#### DATASET EXTRACT
════════
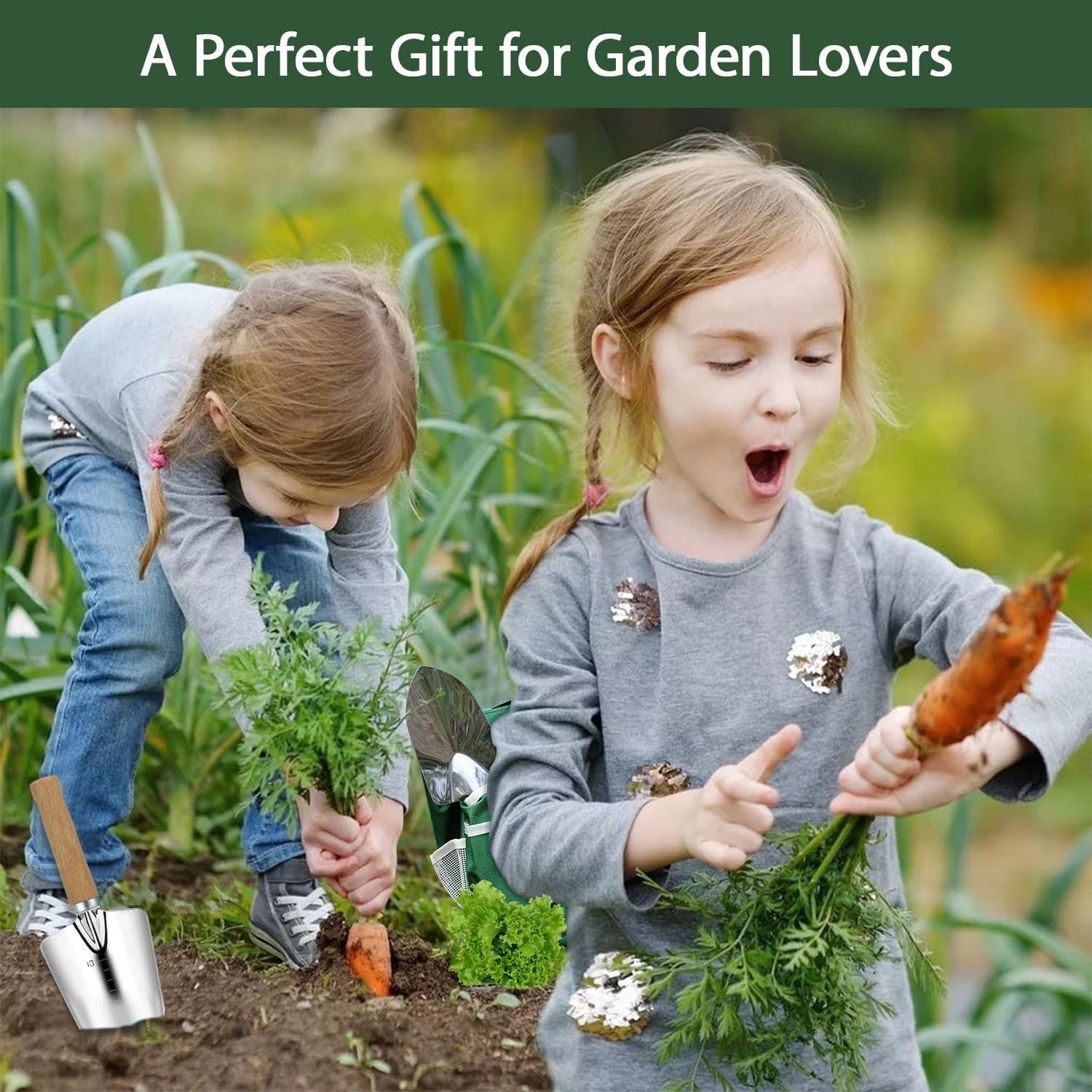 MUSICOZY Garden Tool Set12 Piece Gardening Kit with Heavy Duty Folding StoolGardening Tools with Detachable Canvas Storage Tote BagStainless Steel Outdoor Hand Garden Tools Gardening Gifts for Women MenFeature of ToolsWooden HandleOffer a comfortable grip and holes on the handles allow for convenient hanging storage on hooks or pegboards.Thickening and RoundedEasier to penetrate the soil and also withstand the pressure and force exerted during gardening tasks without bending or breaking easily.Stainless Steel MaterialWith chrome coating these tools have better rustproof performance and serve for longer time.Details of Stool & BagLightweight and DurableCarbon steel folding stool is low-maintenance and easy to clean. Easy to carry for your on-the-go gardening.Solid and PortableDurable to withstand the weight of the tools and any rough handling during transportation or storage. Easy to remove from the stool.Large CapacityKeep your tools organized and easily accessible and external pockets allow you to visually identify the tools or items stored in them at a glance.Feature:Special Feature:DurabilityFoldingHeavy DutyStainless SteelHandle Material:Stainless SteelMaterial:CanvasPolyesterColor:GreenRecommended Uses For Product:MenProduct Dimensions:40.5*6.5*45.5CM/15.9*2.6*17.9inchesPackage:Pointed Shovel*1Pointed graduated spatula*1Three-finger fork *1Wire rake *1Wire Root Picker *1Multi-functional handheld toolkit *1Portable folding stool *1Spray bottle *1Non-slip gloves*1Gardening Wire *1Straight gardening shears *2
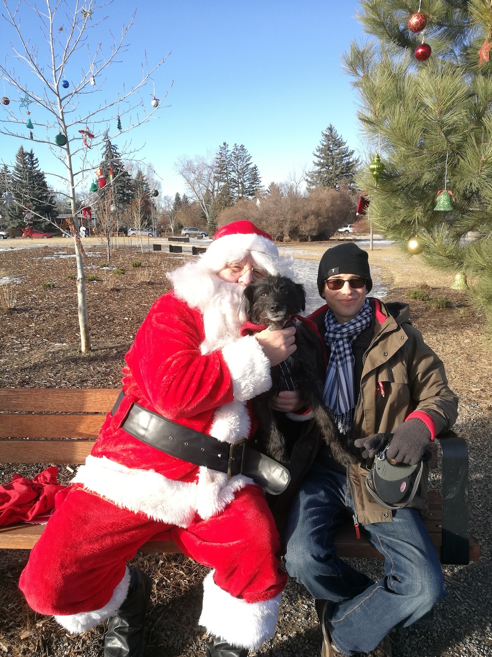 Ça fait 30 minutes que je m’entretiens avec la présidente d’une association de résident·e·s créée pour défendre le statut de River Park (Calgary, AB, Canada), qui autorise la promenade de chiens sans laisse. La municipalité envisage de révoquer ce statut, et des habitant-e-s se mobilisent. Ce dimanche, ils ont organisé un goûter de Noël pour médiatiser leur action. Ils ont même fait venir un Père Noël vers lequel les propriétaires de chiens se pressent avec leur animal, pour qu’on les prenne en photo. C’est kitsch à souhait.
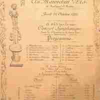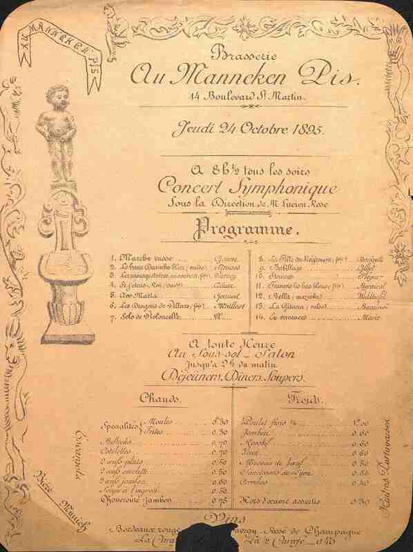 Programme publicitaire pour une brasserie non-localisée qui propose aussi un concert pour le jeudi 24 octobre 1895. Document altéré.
════════
#### INSTRUCTIONS TO FOLLOW
Using the listing above, set down exactly each line from the one containing "Ça fait 30 minutes" through the final line, and leave out pictures.

#### TASK RESULT
 Ça fait 30 minutes que je m’entretiens avec la présidente d’une association de résident·e·s créée pour défendre le statut de River Park (Calgary, AB, Canada), qui autorise la promenade de chiens sans laisse. La municipalité envisage de révoquer ce statut, et des habitant-e-s se mobilisent. Ce dimanche, ils ont organisé un goûter de Noël pour médiatiser leur action. Ils ont même fait venir un Père Noël vers lequel les propriétaires de chiens se pressent avec leur animal, pour qu’on les prenne en photo. C’est kitsch à souhait.
 Programme publicitaire pour une brasserie non-localisée qui propose aussi un concert pour le jeudi 24 octobre 1895. Document altéré.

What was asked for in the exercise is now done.